We recorded surface electromyography from three lower leg muscles (tibilias anterior, gastrocnemius medial head, gastrocnemius lateral head) and four upper leg muscles (vastus lateralis, rectus femoris, biceps femoris, and gluteus medius) of 12 unilateral transtibial amputee subjects and 12 non-amputee subjects during treadmill walking at 0.7, 1.0, 1.3, and 1.6 m/s. Muscle signals were recorded from the amputated leg of amputee subjects and the right leg of control subjects. For amputee subjects, lower leg muscle signals were recorded from within the limb-socket interface and from muscles above the knee. We quantified differences in the muscle activation profile between amputee and control groups during treadmill walking using cross-correlation analyses. We also assessed the step-to-step inter-subject variability of these profiles by calculating variance-to-signal ratios.

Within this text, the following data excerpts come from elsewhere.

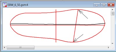 定义斜宽线(球线): (1)点击菜单"常用->定义斜宽线"; (2)双击你要定义斜宽线的两端,如右图箭头显示。 信息将显示"斜宽线已定义,...。", 提示:在鞋楦上,斜宽线通常在前部最宽处靠前一点的位置,如右图所示。 你可以在俯视图或实体视图中定义斜宽线。 |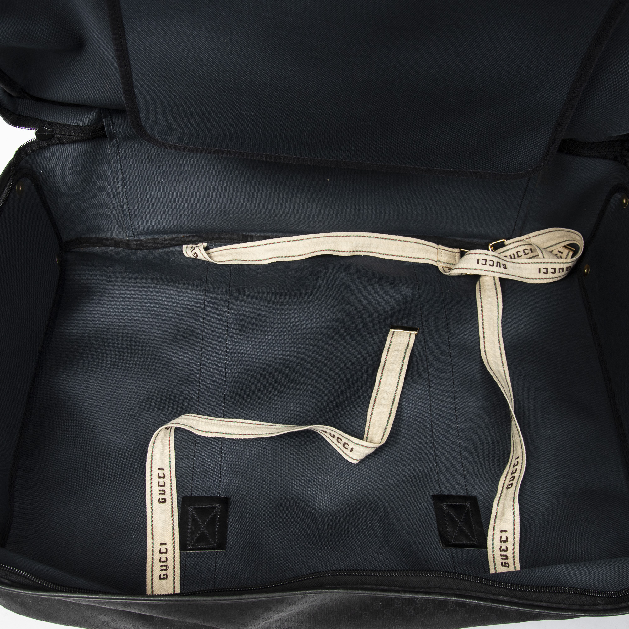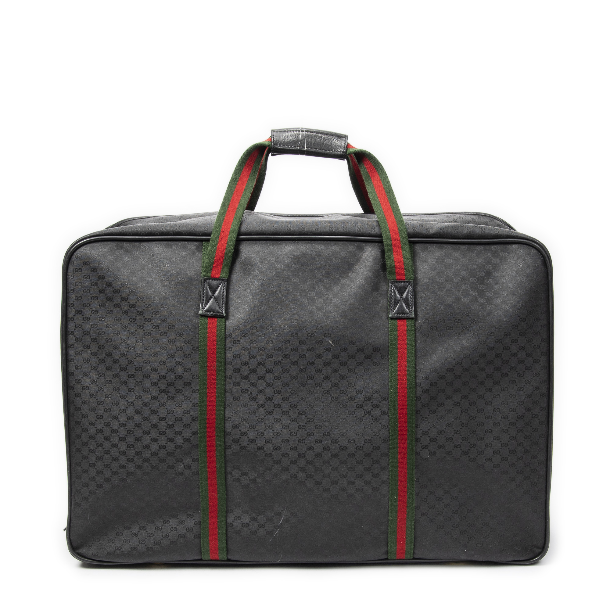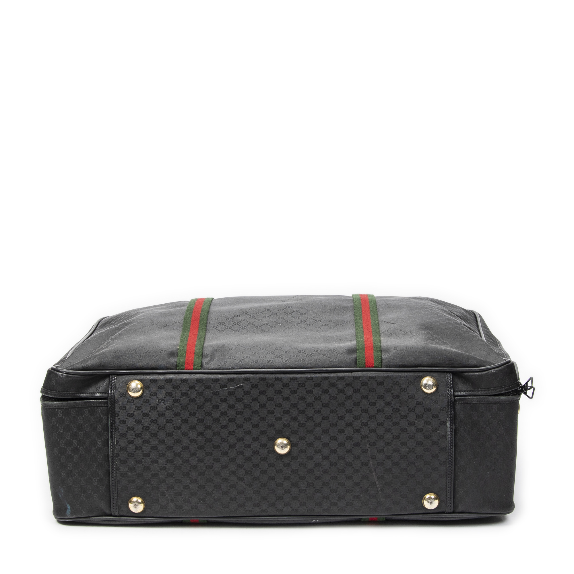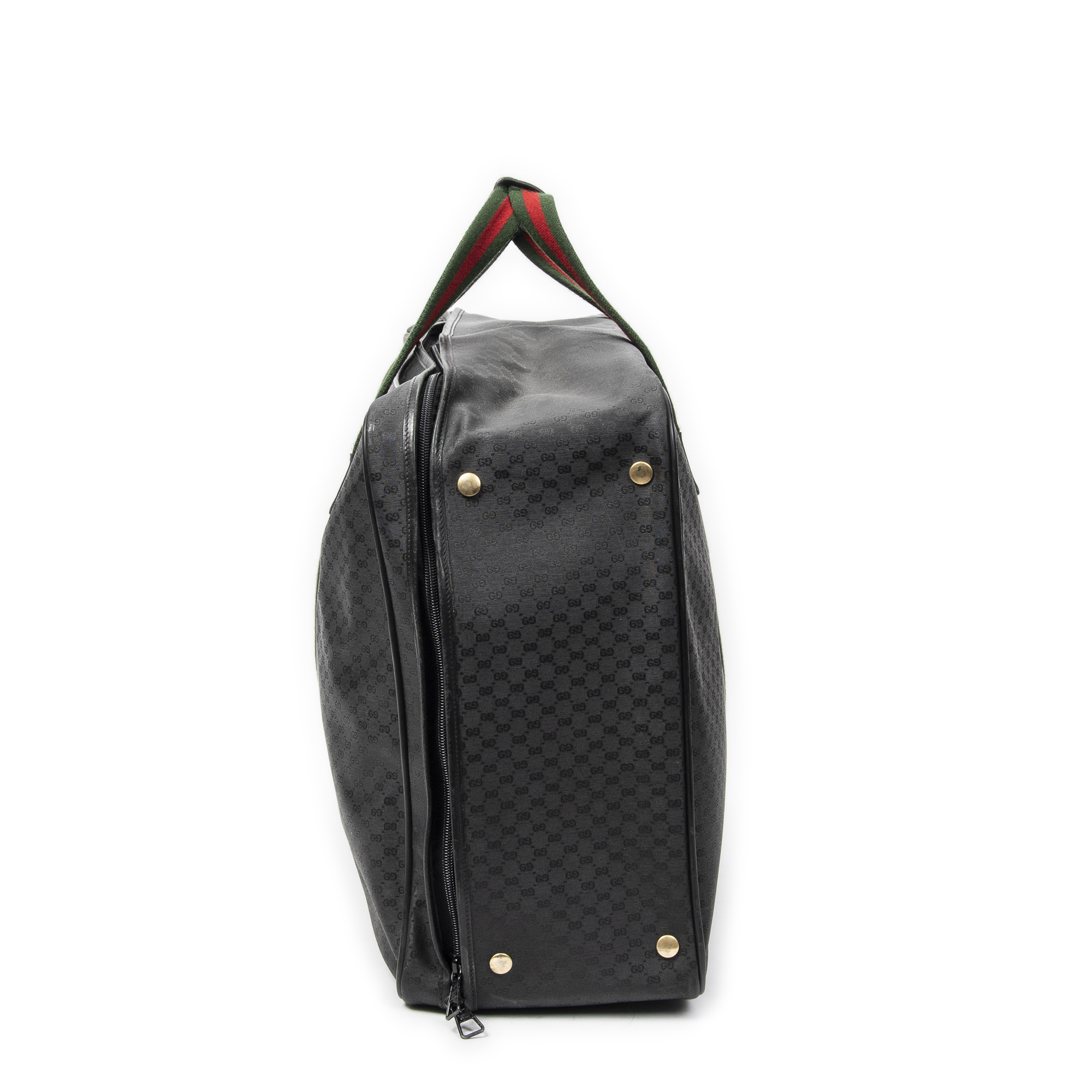 Gucci Travel Bag Vintage Large Travel Suitcase in Black Microguccissima Coated Canvas and Gold hardware. The product is in Very Good Condition (AB).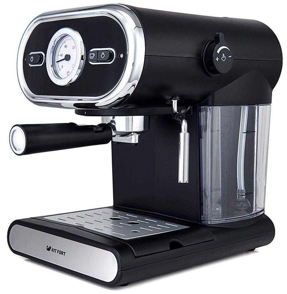 Рожковая кофеварка от российского производителя. Это классическая, довольно простая модель с удобным управлением. Приготовить любимый напиток можно нажатием всего одной кнопки. Объем порций при этом можно отрегулировать вручную. Давление здесь стандартного уровня (15 бар). Рожок выполнен с применением технологии «Perfect Brewing», благодаря чему молочная пенка получается густой и пышной. «VITEK VT-1522 BK» оснащена автоматическим капучинатором. Корпус выполнен из нержавеющей стали и пластика. Объем резервуара для воды составляет 1,4 л. Средняя стоимость «VITEK VT-1522 BK» – 15 905 руб.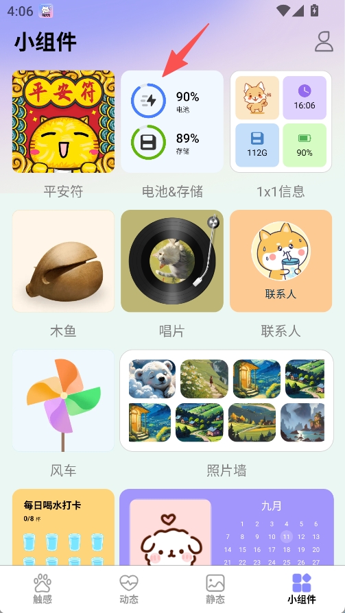 3、在预览页面或主界面找到小组件入口,点击进入小组件选择页面。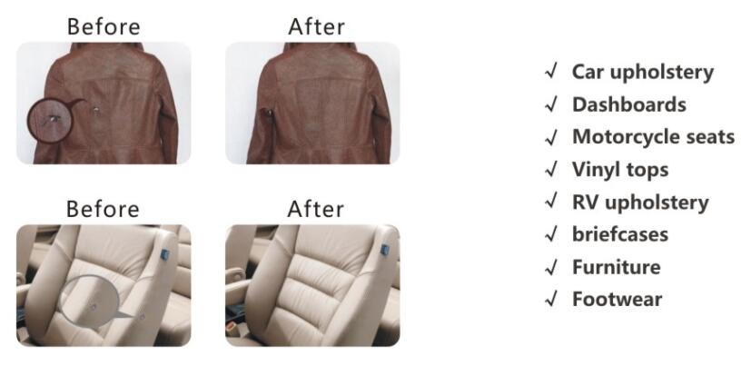 Επισκευάζει τρύπες και φθορές σε δερμάτινα, δερματίνη ή υφάσματα και μπορεί να εξαφανίσει σχεδόν και όλες τις γρατσουνιές. Είναι ότι πρέπει για δερμάτινα καθίσματα αυτοκινήτου αλλά και σπιτιού αφού πολύ γρήγορα θα έχουν εξαφανιστεί οι ενοχλητικές τρύπες που κατά λάθος δημιουργήσατε.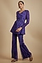 Featuring a pixie powder jacket in crepe base with embellishments. It is paired net embellished pants and a belt. Accentuate it with statement jewellery and heels for a festive occasion, sangeet or cocktail ceremony.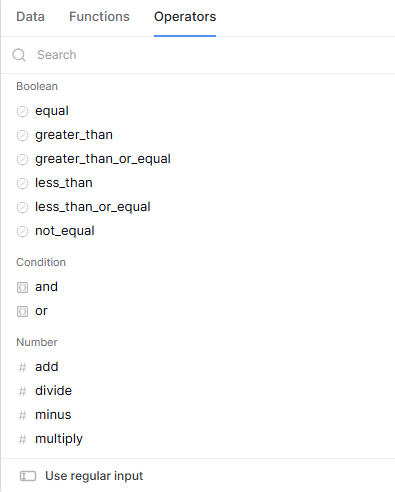 Do you have some documentation I can refer to formula and operators for this kind of scenario?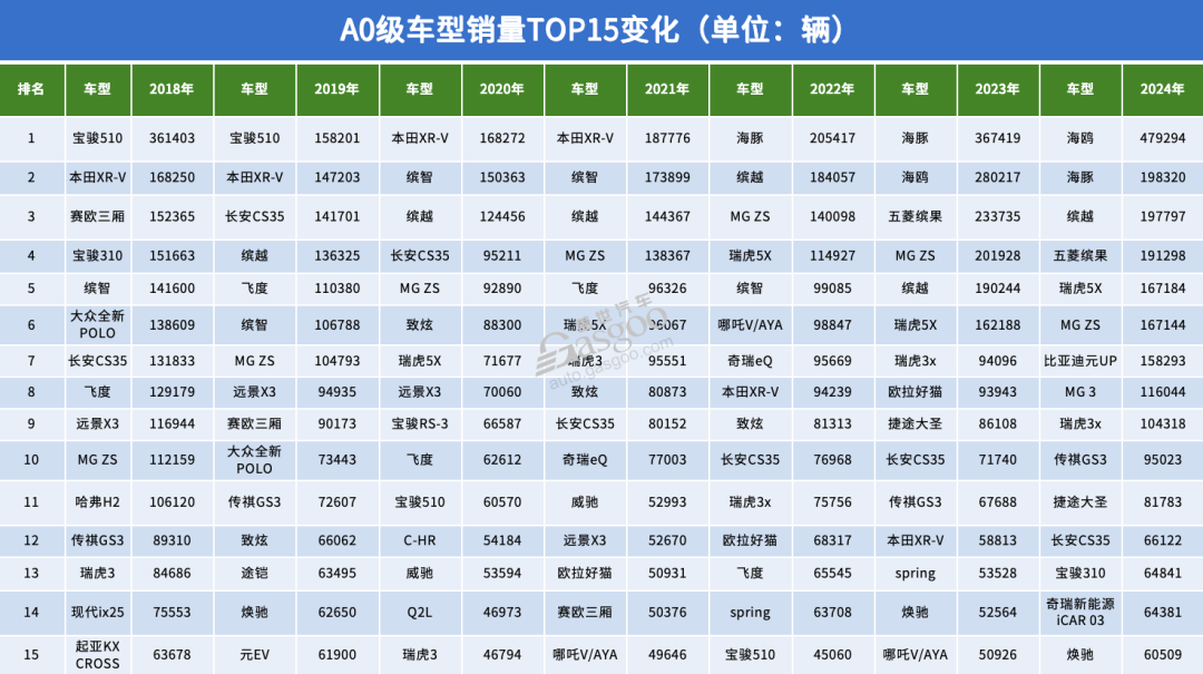 合资品牌在A0级市场地位下降。到2024年A0级车型销量TOP15,几乎全被自主品牌车型取代。本田XR-V、缤智等合资车型年销量已从15万辆萎缩至万辆左右。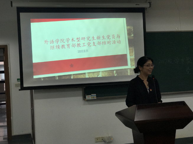 9月11日下午13:00,9001cc金沙以诚为本2017级学术型研究生党支部成立大会暨继续教育部教工党支部与研究生党支部结对仪式在闵行校区外语楼333教室顺利举行。继续教育部教工党支部书记张琳、研究生辅导员叶青、9001cc金沙以诚为本2017级学术型研究生党员参加了此次会议。张琳老师讲述了当前国际国内发展的形势,围绕“外语专业的学生可以有何作为?外语专业的学生应该有何作为?”两个问题和与会成员展开了讨论。与会同志热情踊跃,积极发言,最终大家在“语言优势利用好,推动优秀中国文化传出去”、“切实扛起担当,讲好中国故事”等多个方面达成共识。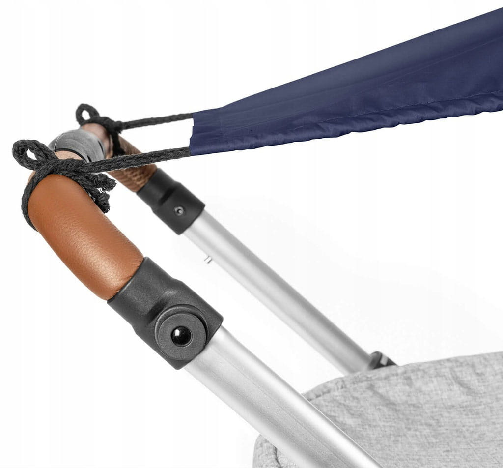Montaż daszka jest bardzo prosty - wystarczy założyć elastyczną gumkę wokół wózka, zaś 2 sznurki znajdujące się u jego drugiego końca uwiąż na uchwycie wózka. Można go również mocować z boku, co świetnie sprawdzi się jako ochrona przed słońcem, gdy to jest niżej na niebie i świeci bardziej pod kątem, w szczególności wcześnie rankiem i późnym popołudniem.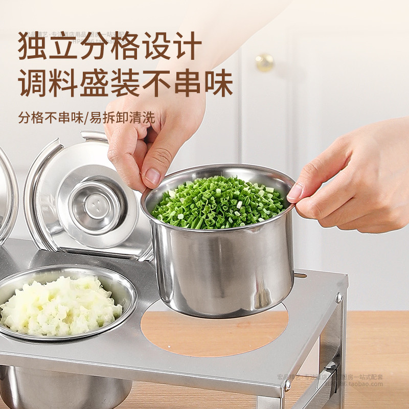 📚 304不锈钢调料架圆格调味架果酱盒小料冰粉配料盒摆摊分格收纳架
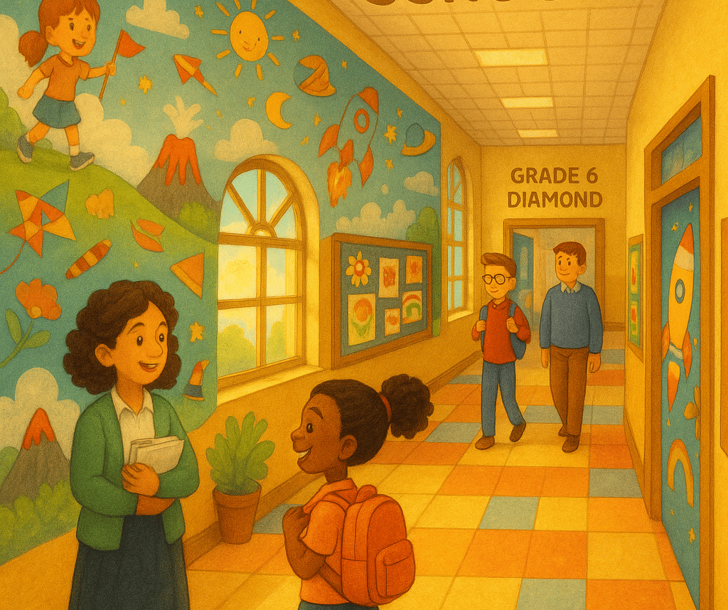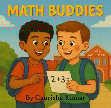 They both are students of ABC World School. The school is very big and has a red brick building. The school has a large green lawn and colorful murals. The teachers are very kind and helpful. They both go to the same class and are in Grade 6, section Diamond. They both walk to school together in the morning and often go back together too. They share everything, from pencils and erasers to jokes and secrets. But there was one thing they didn’t agree on: who is better at mathematics. And often argued about the same!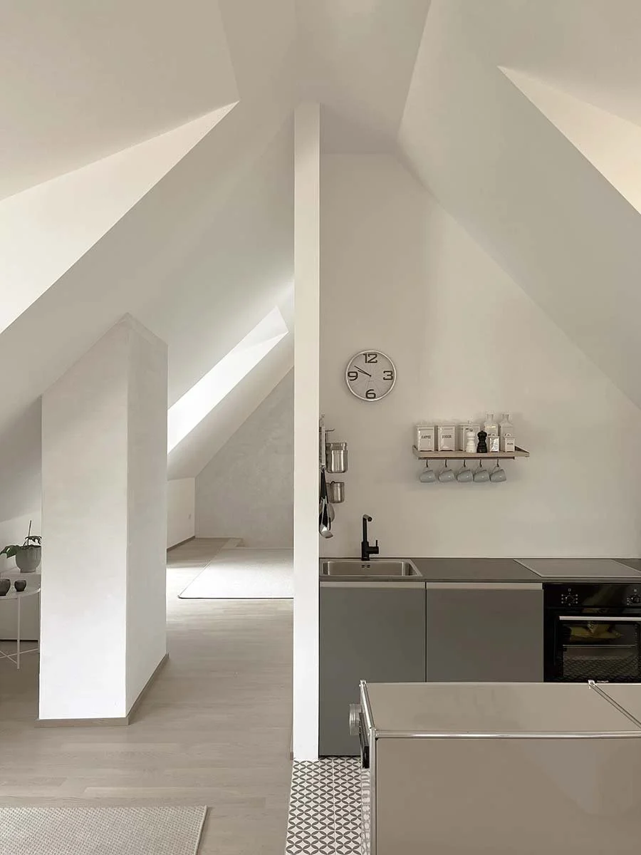 Das Apartment ist als offener Raum gedacht. Wohnen, Schlafen und Verweilen gehen ineinander über.

We found that amputee subjects demonstrated reliable muscle recruitment signals from residual lower leg muscles recorded within the prosthetic socket during walking, which were locked to particular phases of the gait cycle. However, muscle activation profile variability was higher for amputee subjects than for control subjects.
Robotic lower limb prostheses could use myoelectric signals recorded from surface electrodes within the socket-limb interface to derive feedforward commands from the amputee’s nervous system.